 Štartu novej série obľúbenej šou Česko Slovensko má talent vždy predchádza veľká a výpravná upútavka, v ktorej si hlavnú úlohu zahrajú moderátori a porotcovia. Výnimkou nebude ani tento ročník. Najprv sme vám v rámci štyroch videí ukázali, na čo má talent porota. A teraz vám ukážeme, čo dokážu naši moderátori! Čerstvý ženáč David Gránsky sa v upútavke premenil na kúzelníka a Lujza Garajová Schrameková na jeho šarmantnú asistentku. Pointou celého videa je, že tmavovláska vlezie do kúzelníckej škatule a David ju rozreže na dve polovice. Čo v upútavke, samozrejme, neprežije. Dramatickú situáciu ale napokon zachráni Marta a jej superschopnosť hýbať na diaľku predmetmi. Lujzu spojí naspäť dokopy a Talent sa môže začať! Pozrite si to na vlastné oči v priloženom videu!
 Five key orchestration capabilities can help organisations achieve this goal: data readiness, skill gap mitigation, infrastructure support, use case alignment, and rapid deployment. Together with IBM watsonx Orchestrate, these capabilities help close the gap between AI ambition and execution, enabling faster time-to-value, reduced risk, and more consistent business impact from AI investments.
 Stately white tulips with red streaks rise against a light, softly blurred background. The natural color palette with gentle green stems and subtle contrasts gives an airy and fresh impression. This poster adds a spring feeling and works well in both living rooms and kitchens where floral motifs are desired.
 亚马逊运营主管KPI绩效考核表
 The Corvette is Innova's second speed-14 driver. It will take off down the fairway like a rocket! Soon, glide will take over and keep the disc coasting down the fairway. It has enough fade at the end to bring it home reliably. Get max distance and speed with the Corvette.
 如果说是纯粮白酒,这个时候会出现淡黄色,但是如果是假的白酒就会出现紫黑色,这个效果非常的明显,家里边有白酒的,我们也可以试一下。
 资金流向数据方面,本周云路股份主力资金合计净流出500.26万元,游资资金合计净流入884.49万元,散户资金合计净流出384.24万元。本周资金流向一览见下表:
● ● ● ● ●
Problem to solve:
Quote every line from the line containing "如果说是纯粮白酒,这个时候会" through the closing line of the listing, including both.

Task answer:
 如果说是纯粮白酒,这个时候会出现淡黄色,但是如果是假的白酒就会出现紫黑色,这个效果非常的明显,家里边有白酒的,我们也可以试一下。
 资金流向数据方面,本周云路股份主力资金合计净流出500.26万元,游资资金合计净流入884.49万元,散户资金合计净流出384.24万元。本周资金流向一览见下表:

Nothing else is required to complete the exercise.